Laboratory of Cell Physiology, Institute of Neuroscience, Université Catholique de Louvain, 55/40 av. Hippocrate, 1200 Brussels, Belgium.
J Biol Chem. 2012 Apr 27;287(18):14524-34. doi: 10.1074/jbc.M112.341784. Epub 2012 Mar 6.

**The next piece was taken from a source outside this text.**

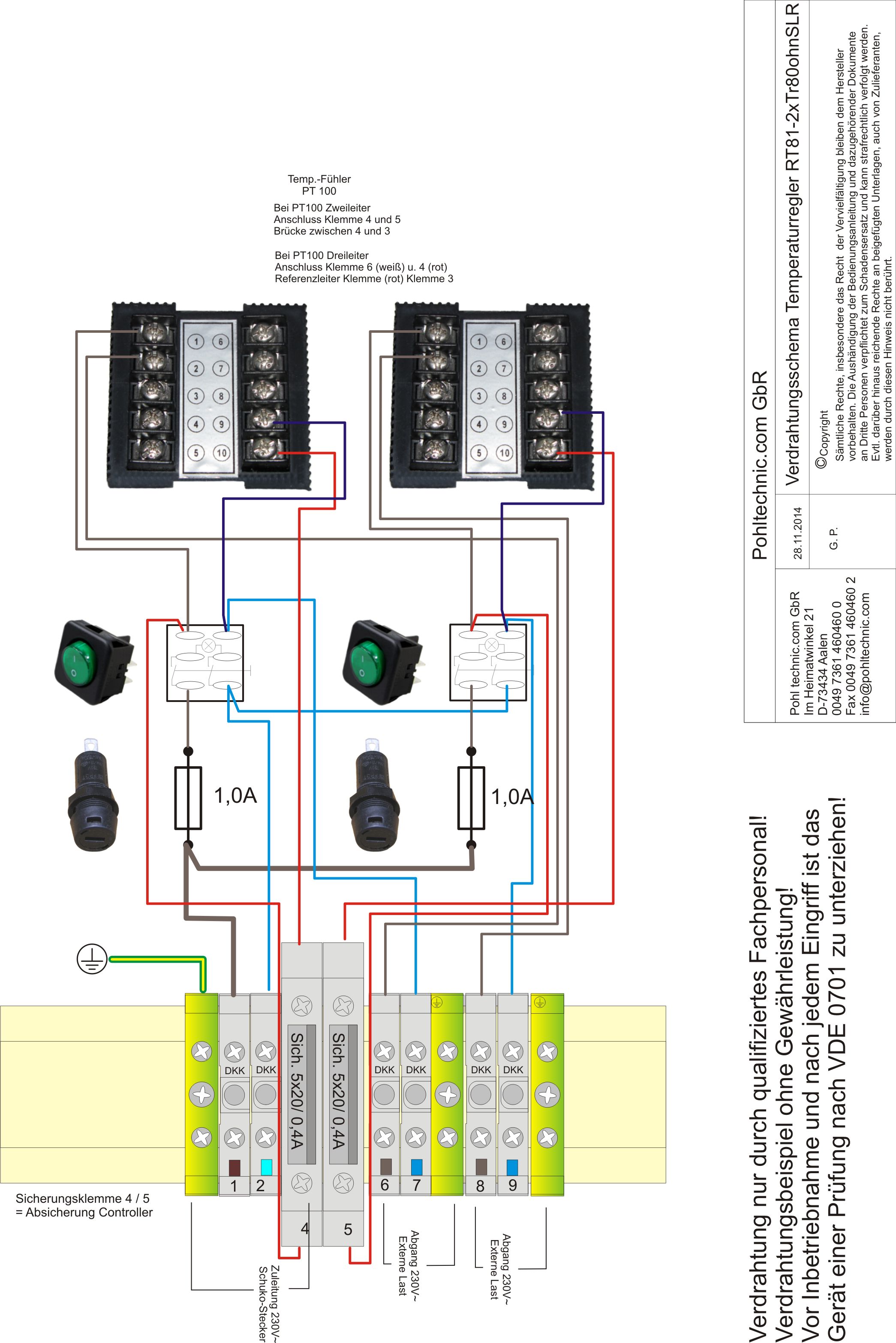 Durch den an der Frontseite Angebrachten Ein-/Aus Schalter wird der Controller komplett vom Stromnetz getrennt. Es wird keine Veränderung von Parametern am Temperaturregler vorgenommen, somit bleiben die eingestellten Werte unberührt. Die Umschaltung kann zu jeder Zeit erfolgen. Absicherung der Steuerspannung durch eine Feinsicherung, zum begrenzen des Ausgangsstroms an den Klemmen ist eine weitere Feinsicherung Verbaut. Alle Sicherungen sind Innenliegend als Reihenklemme ausgeführt.

We previously showed in vitro that calcium entry through Trpc1 ion channels regulates myoblast migration and differentiation. In the present work, we used primary cell cultures and isolated muscles from Trpc1(-/-) and Trpc1(+/+) murine model to investigate the role of Trpc1 in myoblast differentiation and in muscle regeneration. In these models, we studied regeneration consecutive to cardiotoxin-induced muscle injury and observed a significant hypotrophy and a delayed regeneration in Trpc1(-/-) muscles consisting in smaller fiber size and increased proportion of centrally nucleated fibers. This was accompanied by a decreased expression of myogenic factors such as MyoD, Myf5, and myogenin and of one of their targets, the developmental MHC (MHCd). Consequently, muscle tension was systematically lower in muscles from Trpc1(-/-) mice. Importantly, the PI3K/Akt/mTOR/p70S6K pathway, which plays a crucial role in muscle growth and regeneration, was down-regulated in regenerating Trpc1(-/-) muscles. Indeed, phosphorylation of both Akt and p70S6K proteins was decreased as well as the activation of PI3K, the main upstream regulator of the Akt. This effect was independent of insulin-like growth factor expression. Akt phosphorylation also was reduced in Trpc1(-/-) primary myoblasts and in control myoblasts differentiated in the absence of extracellular Ca(2+) or pretreated with EGTA-AM or wortmannin, suggesting that the entry of Ca(2+) through Trpc1 channels enhanced the activity of PI3K. Our results emphasize the involvement of Trpc1 channels in skeletal muscle development in vitro and in vivo, and identify a Ca(2+)-dependent activation of the PI3K/Akt/mTOR/p70S6K pathway during myoblast differentiation and muscle regeneration.
我们之前在体外实验中证明,通过 Trpc1 离子通道的钙离子内流调节成肌细胞的迁移和分化。在本工作中,我们使用原代细胞培养物和 Trpc1(-/-)和 Trpc1(+/+) 小鼠模型的分离肌肉,研究 Trpc1 在成肌细胞分化和肌肉再生中的作用。在这些模型中,我们研究了心脏毒素诱导的肌肉损伤后的再生,观察到 Trpc1(-/-)肌肉发生显著的萎缩和延迟再生,表现为纤维尺寸减小和中央核纤维比例增加。这伴随着成肌因子如 MyoD、Myf5 和 myogenin 的表达减少,以及它们的一个靶标,即发育性 MHC(MHCd)的表达减少。因此,Trpc1(-/-)小鼠肌肉的肌肉张力普遍较低。重要的是,在再生的 Trpc1(-/-)肌肉中,PI3K/Akt/mTOR/p70S6K 通路的表达下调,该通路在肌肉生长和再生中发挥关键作用。事实上,Akt 和 p70S6K 蛋白的磷酸化以及 PI3K 的激活都减少了,PI3K 是 Akt 的主要上游调节剂。这种效应与胰岛素样生长因子的表达无关。Akt 磷酸化也在 Trpc1(-/-)原代成肌细胞和在没有细胞外 Ca(2+)或用 EGTA-AM 或 wortmannin 预处理的情况下分化的对照成肌细胞中减少,表明 Ca(2+)通过 Trpc1 通道的内流增强了 PI3K 的活性。我们的结果强调了 Trpc1 通道在体外和体内骨骼肌肉发育中的作用,并确定了 Ca(2+)依赖性激活在成肌细胞分化和肌肉再生过程中的 PI3K/Akt/mTOR/p70S6K 通路。